Ebert mostly wanted to talk about the wrongness of “spoiling” – revealing the plot of a movie- and to rant against the religious right.  In doing so, he singled out Michael Medved as someone who had “spoiled” the movie to advance an agenda.  One silver lining of Ebert’s “response” was that its lopsided nature no doubt aided the acceptance and publication of an essay by myself and journalist Mary Johnson.

Ebert’s theme and marginalization of disability was quickly picked up by nationally syndicated columnists Maureen Dowd and Frank Rich, along with other columnists.  (It should be noted that the disability voice was absent from the beginning in conservative media, with a few token mentions in the Washington Times.)  The list of conservative critics being blasted for “spoiling” the movie got longer.

In the lists of “spoilers,” there was always one name conspicuously absent, though.  David Edelstein, a film critic on National Public Radio and Slate, blasted and “spoiled” Million Dollar Baby in both forums.  But Edelstein is a liberal, writing and speaking in very non-conservative media outlets.  Including his name to the list of “spoilers” would have wrecked the ideological purity of the lists being promoted.

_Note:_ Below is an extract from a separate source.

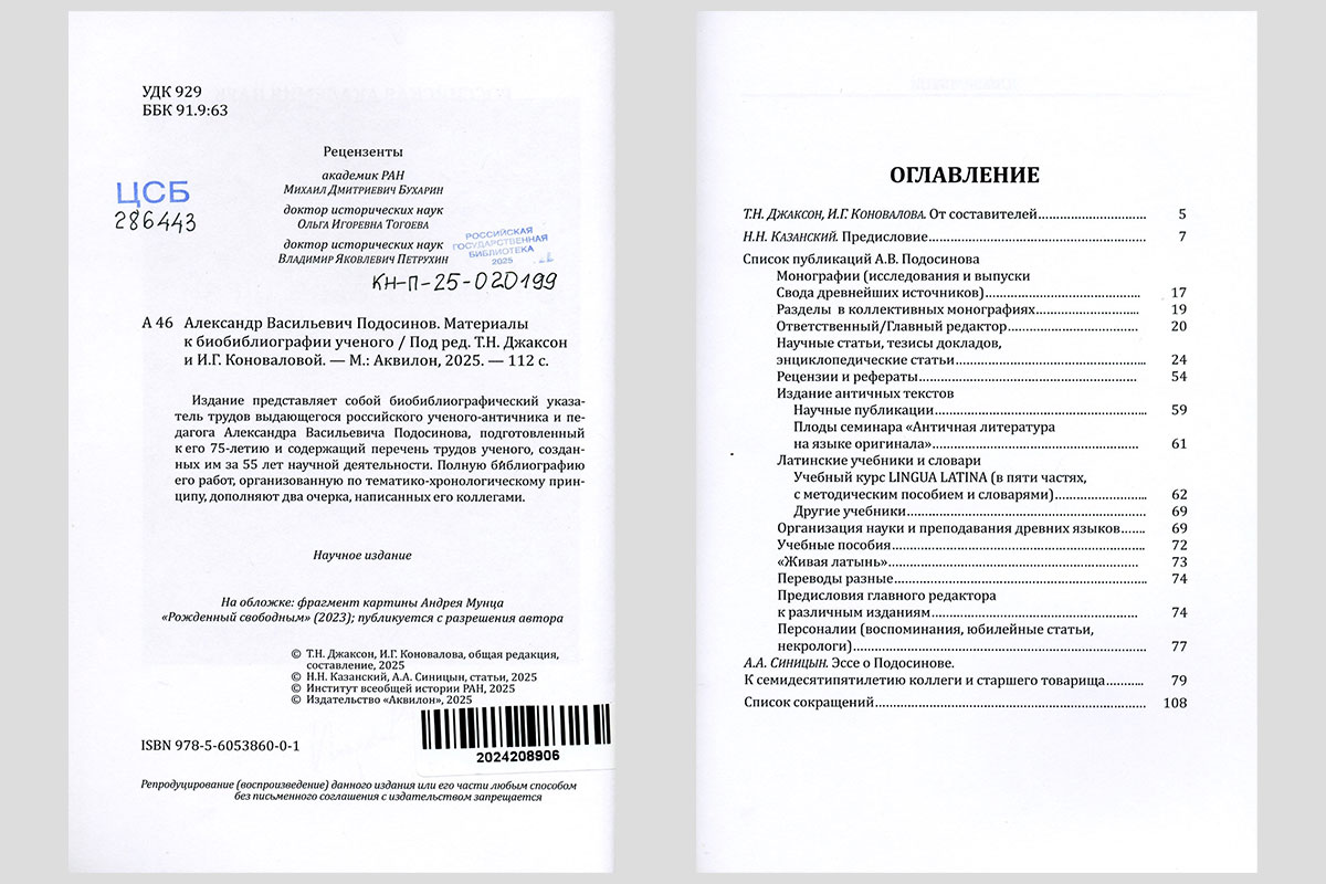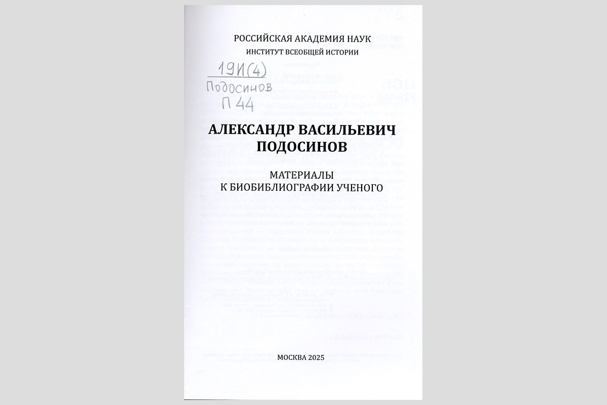 Александр Васильевич Подосинов : материалы к биобиблиографии учёного. Москва, 2025

In short, Ebert’s “response” triggered a steamroller that pushed the voice of disability advocates out of the coverage of Million Dollar Baby.  It started with marginalization and by the end, our presence was eliminated and the controversy about the movie redefined.

What this amounted to was an all-too-familiar collaboration between conservative, mainstream and progressive media.  This “collaboration” erased disability from the landscape of the story, to be replaced by a story about a volley in the “culture wars.”  Since neither the left or right sees us as part of their respective cultures, we ended up as collateral damage.  By the time the Oscars rolled around, the story had been completely morphed and we were virtual “road-kill.”

This set the stage for a repeat performance of cooperation in the wave of press coverage in the final weeks of Terri Schiavo’s life.  The effort to keep the story within a “culture war” framework was so extreme that Senator Tom Harkin’s passionate efforts to save Terri Schiavo’s life were ignored by the media, along with national disability groups that had been involved in the efforts for over two years.

The best predictor of future performance is past performance.  That being said, we can know in advance how the media – *all* the media – will respond to disability advocates’ involvement in anything smacking of “right to die” issues.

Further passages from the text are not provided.